### Dataset records
------------

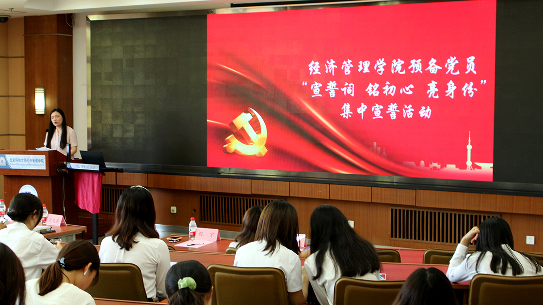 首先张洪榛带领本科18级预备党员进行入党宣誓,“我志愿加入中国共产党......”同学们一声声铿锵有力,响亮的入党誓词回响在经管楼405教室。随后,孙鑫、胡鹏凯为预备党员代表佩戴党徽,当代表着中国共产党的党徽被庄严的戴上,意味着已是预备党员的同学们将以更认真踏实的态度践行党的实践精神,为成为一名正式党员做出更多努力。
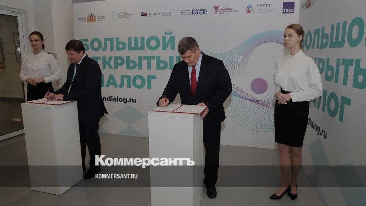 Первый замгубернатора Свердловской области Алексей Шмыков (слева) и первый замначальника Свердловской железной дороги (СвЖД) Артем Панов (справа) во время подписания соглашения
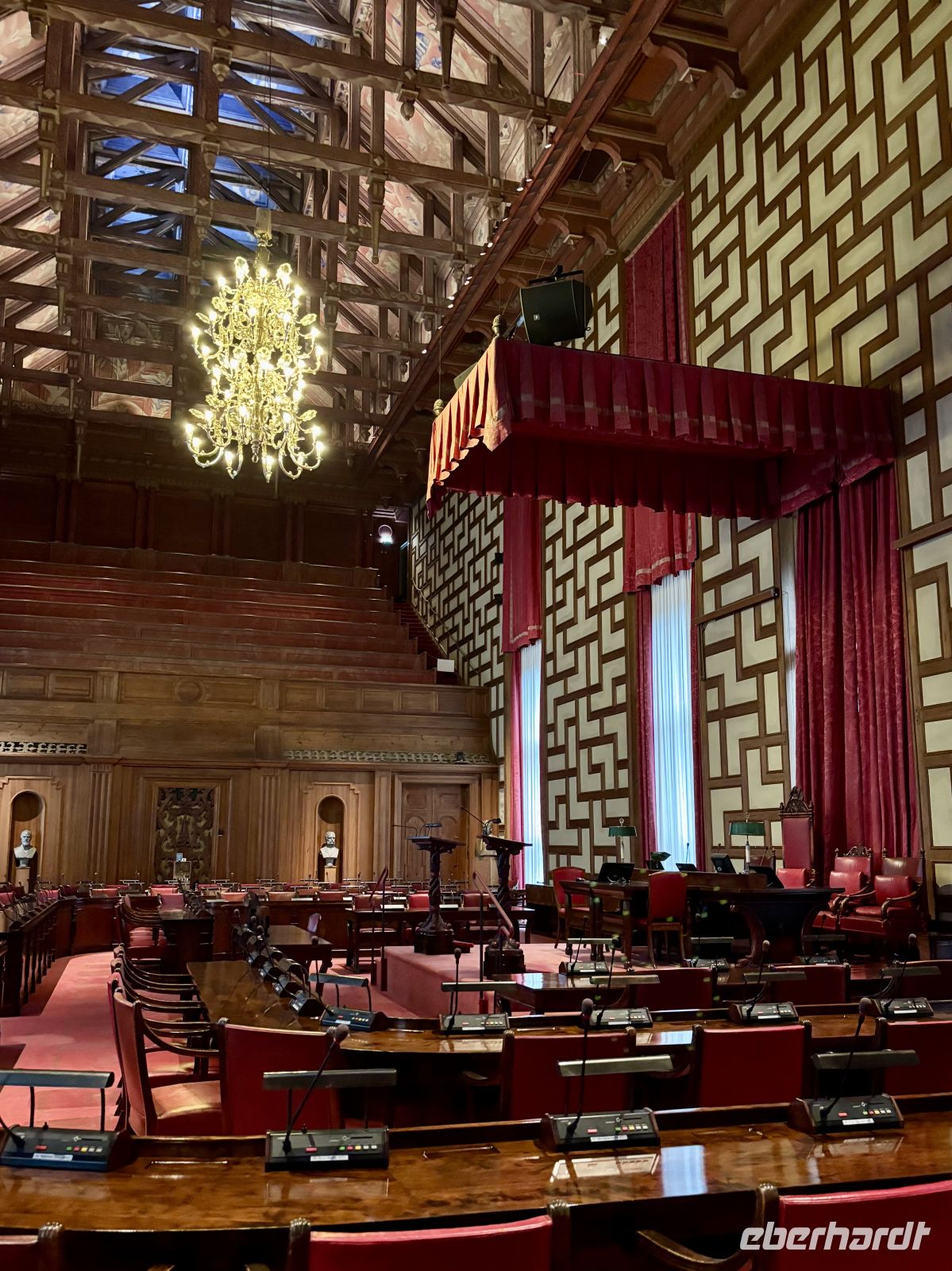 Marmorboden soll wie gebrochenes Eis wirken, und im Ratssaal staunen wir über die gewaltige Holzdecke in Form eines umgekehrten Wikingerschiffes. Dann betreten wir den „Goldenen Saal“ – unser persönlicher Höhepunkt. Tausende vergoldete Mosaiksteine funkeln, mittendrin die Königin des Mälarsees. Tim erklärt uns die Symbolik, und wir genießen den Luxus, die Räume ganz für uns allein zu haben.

------------

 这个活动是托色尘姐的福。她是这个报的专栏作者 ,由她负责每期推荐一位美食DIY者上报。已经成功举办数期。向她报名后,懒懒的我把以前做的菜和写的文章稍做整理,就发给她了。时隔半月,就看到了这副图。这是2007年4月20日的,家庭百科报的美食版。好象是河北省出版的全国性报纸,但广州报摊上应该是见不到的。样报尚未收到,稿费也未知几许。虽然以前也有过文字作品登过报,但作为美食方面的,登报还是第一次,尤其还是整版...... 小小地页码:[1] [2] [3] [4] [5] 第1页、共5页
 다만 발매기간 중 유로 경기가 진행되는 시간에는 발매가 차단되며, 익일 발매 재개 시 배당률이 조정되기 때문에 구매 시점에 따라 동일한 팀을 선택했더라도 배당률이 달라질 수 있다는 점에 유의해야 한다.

------------

### Instructions to follow
Leave the pictures out, and transcribe exactly the lines above starting at the one that contains "首先张洪榛带领本科18级预备" and ending at the one that contains "Marmorboden soll wie".

### Answer space
 首先张洪榛带领本科18级预备党员进行入党宣誓,“我志愿加入中国共产党......”同学们一声声铿锵有力,响亮的入党誓词回响在经管楼405教室。随后,孙鑫、胡鹏凯为预备党员代表佩戴党徽,当代表着中国共产党的党徽被庄严的戴上,意味着已是预备党员的同学们将以更认真踏实的态度践行党的实践精神,为成为一名正式党员做出更多努力。
 Первый замгубернатора Свердловской области Алексей Шмыков (слева) и первый замначальника Свердловской железной дороги (СвЖД) Артем Панов (справа) во время подписания соглашения
 Marmorboden soll wie gebrochenes Eis wirken, und im Ratssaal staunen wir über die gewaltige Holzdecke in Form eines umgekehrten Wikingerschiffes. Dann betreten wir den „Goldenen Saal“ – unser persönlicher Höhepunkt. Tausende vergoldete Mosaiksteine funkeln, mittendrin die Königin des Mälarsees. Tim erklärt uns die Symbolik, und wir genießen den Luxus, die Räume ganz für uns allein zu haben.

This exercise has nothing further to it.